Football really is a communitarian’s game. The submission of the individual to the collective, to belong to a tribe, to a team, is what defines the game. For all that money and individualism threatens the sport, sometimes emotion trumps logic and wealth. Hunger and grit beats talent not baked in with hard work.
And sometimes, nothing embodies the essence of collectivism and heart better than Liverpool on a European night at Anfield. The human spectacle, the emotions, it was too much for Barcelona and Lionel Messi. His legend has graced the game for years but Anfield’s history and tradition for European nights have graced it for decades. Against Liverpool, he succumbed to it, engulfed in mesmeric brilliance of a sea of scarves, flags, hymns and souls that pounded the stadium with noise.
Belief in victory is rooted in the years of historic results that have taken place in this famous, old stadium. St Etienne, Olympiacos, Chelsea, Borussia Dortmund, and now Barcelona. This was arguably their greatest comeback, their greatest night at Anfield. The odds were stacked against them after a 3-0 defeat in the first leg when they had outplayed Barcelona for long spells but found Messi the greatest assassin in the game. Here, they were without two thirds of their deadly attacking trident, Roberto Firmino and Mohammed Salah ruled out through injury.
It didn’t matter. Liverpool got an early goal through Divock Origi, and for a brief moment, a red storm surged around Barcelona. The visitors were unsettled, harassed and harried, besieged by a team that towered over them in every way possible. Klopp said later they played with the heart of giants, and so it proved. Anfield can do this sometimes, where the feverish noise coupled with the weight of history can create a sense of destiny, spurring the home side on and strangling opponents in fear. Pressure never always materialised in way of clear chances, but Liverpool drove into Barcelona. The gegenpress, the art of reclaiming possession in the moment it is lost, requires electricity and energy both on the pitch and in the stands. Here, they got it. They always were. To a man, they were superb. The midfield functioned as a hive, buzzing relentlessly, swarming over their rivals, physically dominant.
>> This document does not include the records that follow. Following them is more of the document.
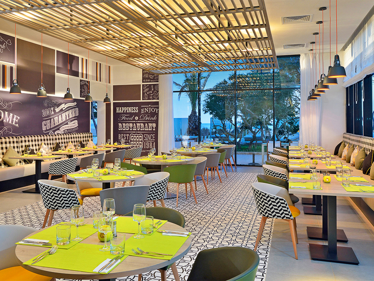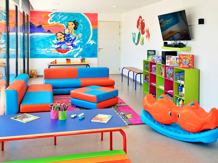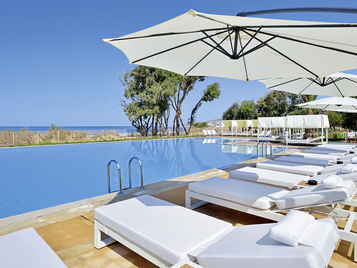 Originelle Anlage mit großem, zum Meer ausgerichtetemSwimmingpool mit integriertem Kinderpool. Sonnenterrasse, Liegen, Bali-Betten, Schirme, Badetücher (gegen Kaution). Empfangsbereich, Rezeption, WLAN im gesamten Hotel, "Play Bar", Hauptrestaurant, À-la-carte-Restaurant, Spielezimmer. Landeskategorie: 4 Sterne, 75 Bungalows.
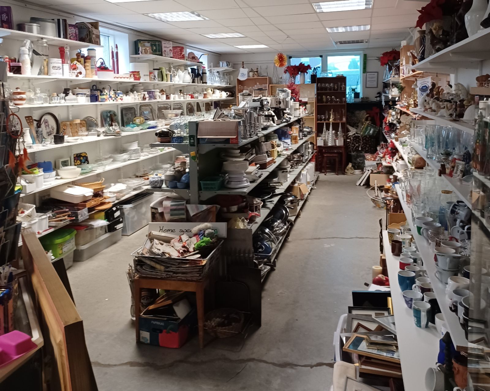 Meiri áhuga fólks fylgja þó vandamál og hefur þess vegna nytjamarkaðurinn glímt við plássleysi um hríð eins og sjá má á meðfylgjandi mynd sem Guðrún tók fyrr í dag. Allar hillur drekkhlaðnar og gólfplássið mjög takmarkað.
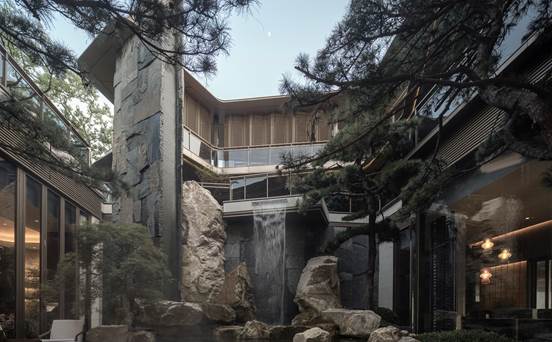 景观设计上,“江南三章”打破平面局限,打造立体互动的自然空间。运河樾打造杭州首个“立体峡谷园林”,12米高差水景贯穿三层园林,实现“引水入园、枕水而居”;如玺华院以杭州“郭庄”为蓝本,15米高差叠石飞瀑与亭台楼阁、檐下游廊、小桥流水相互映衬;观锦宸樾府则规划“观锦九境”,下沉庭院瀑布与茶亭形成“飞瀑揽月”,采用了三境理水系统,兼顾生态循环与观赏体验。
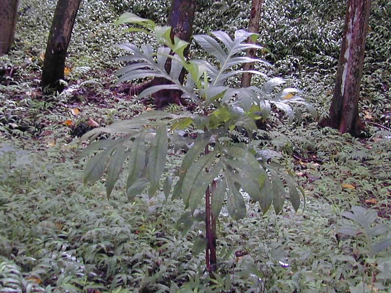Name: Bread Fruit Tree Notes: This baby tree propagated naturally from root stock. |
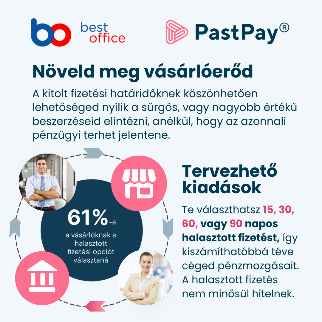 A 15, 30, 60 vagy 90 napos halasztott fizetést a PastPay [Péntech Financial Solutions Zrt.] biztosítja számunkra. Jelen tájékoztató nem minősül ajánlattételnek. A Bestoffice Service Kft. és a Péntech Financial Solutions Zrt. fenntartja magának a jogot a szolgáltatás megszüntetésére vagy a feltételek megváltoztatására.
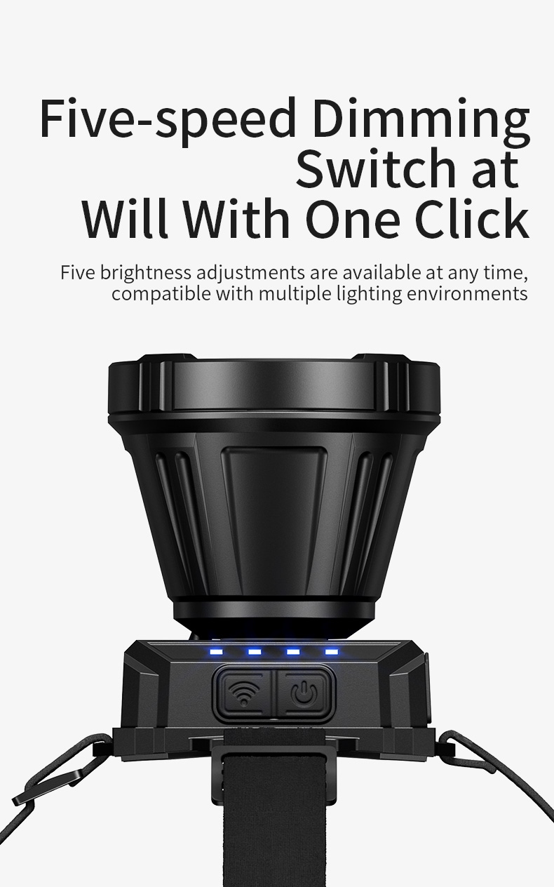 2. 5 Lighting Modes: Cycle through Strong → Medium → Weak → Strobe → SOS to meet different lighting needs (e.g., outdoor exploration, emergency signaling).
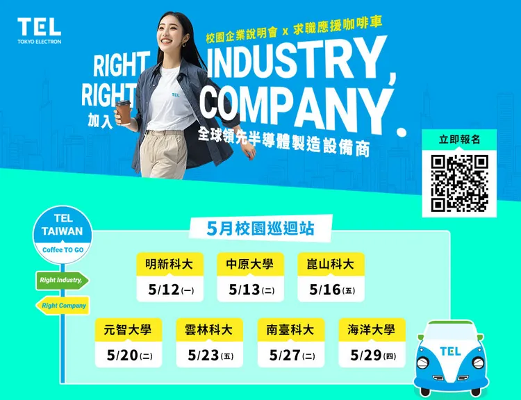 看好半導體與AI應用在未來的龐大需求,TEL持續在台深耕,派出多位技術主管與工程師參加企業說明會,並分享公司優勢以及各項育才留才福利。在育才上,公司除了每年籌辦豐富多樣的在職培訓課程,更提供海外進修與派駐機會,提升同仁國際視野。在留才上,公司以完善的福利制度吸引優秀人才,包括免費員工餐、飯店式管理宿舍、日本研修度假中心、彈性津貼、久任員工假、以及豐富的海內外旅遊與尾牙活動,全方位照顧員工。
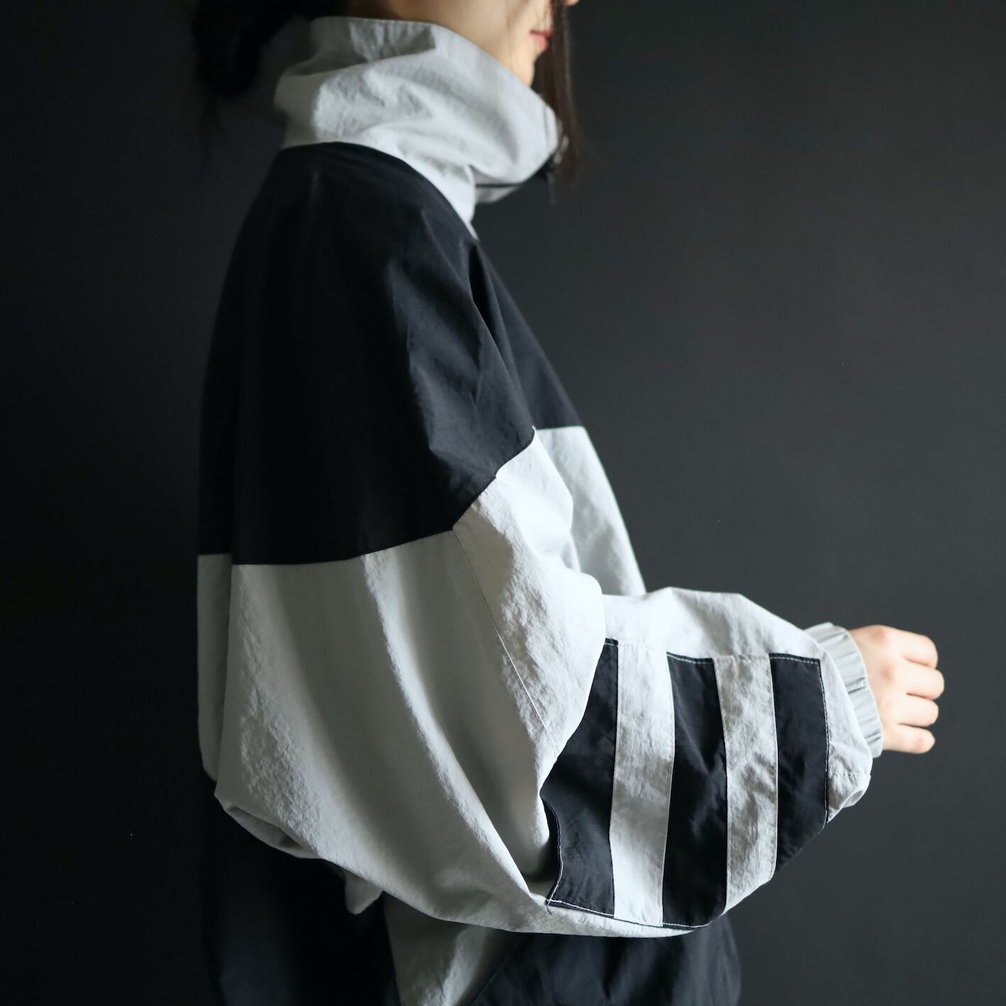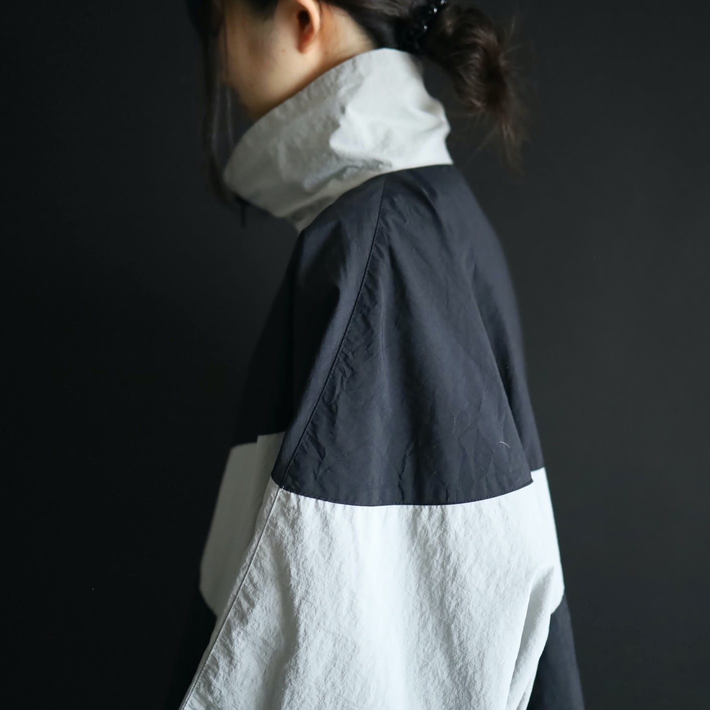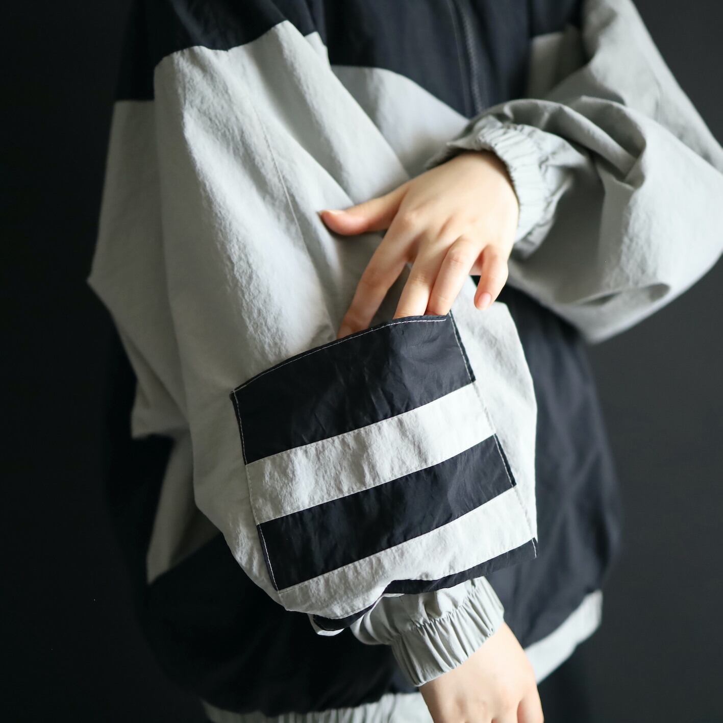 大胆な切替も目を惹きますが,右袖のバイカラーボーダーの謎のポケットもユニーク.

Jordan Henderson was instrumental, liberated in his new attacking role and it was his forward surge that created the first goal. The full-backs screeched up the pitch all night long. In Sadio Mane, they had someone who never stopped running, his pace unsettling Barcelona throughout. Even as he tired, he still ran, with the ball, taking Liverpool forward, injecting new dimensions in the game. The noise grew every time Liverpool stole possession and drove forward. The visitors shrank at times. The style of Liverpool’s play, requiring exhausting yet inspiring levels of collectivism, heart and industry, naturally coaxes passion out of the fans. Such kind of football was made for nights like this.
Barcelona briefly recovered, slowing the tempo, looking to Messi. He was quiet but with one drop of the shoulder and shift of the body he springs away from all. Here he had chances and created them, at the heart of an ominous counterattacking display from the visitors.
Back came Liverpool. The noise whipped up even more. They were now attacking the Kop end in the second-half. They scored twice in a flash through Gini Wijnaldum. Parity sought and achieved within the hour, the impossible made possible by a team with an indomitable spirit. And then, in a night soaked in emotions, passion and intensity, a moment of ruthless ingenuity by Trent Alexander-Arnold to find Origi. Liverpool led, and hung on.
The wild, frantic, joyous scenes at the end is a reminder of what football can be. Moments like this should be frozen in time, remembered as flashbacks to an age when the game was built on a close connection between supporters and the club. In recent times, we’ve had football become more commercialised. There are so many criticisms to be made, of the astonishing salaries, the match-day tickets, TV deals, the proliferation of sponsorship deals, agents’ fees, the manner in which clubs like Manchester City and PSG are used as PR for regimes with endless abuses of human rights.
Some things, however, remind us of the good in the game. European nights at Anfield are just that. They rolled back Barcelona’s wealth, constellation of gifted magicians, and revealed that sometimes a combination of solidarity, heart, intensity and aggression can win it all. Football brings people together, creates a sense of identity through the unity, a place of belonging, anchored in its community, no matter what the times. We saw it with the World Cup in 2018 when England, fractured by Brexit, briefly found something that could knit them together as a society. This is how it is for Klopp’s team. Liverpool’s magic is rooted in its community, in its city. The power of localism, of being from a city utterly impoverished by austerity, makes the European nights more special. The club belongs to the city of Liverpool, not the world. It feeds into these special nights when the world comes to see the city’s greatest and proudest export. Jurgen Klopp has understood this, both in where he has managed but in his tactics that evokes these red-hot feelings. Some of the most special football teams, are those that have this deep symbiotic bond with their supporters. And it can make all the difference. The effect of Anfield is mocked at, but would this comeback have happened if the Barcelona players did not fear the legend of Anfield?
Barcelona had the better players. They had the greatest player. But by the end of the night, Messi became the latest victim of Liverpool’s legendary European nights at Anfield.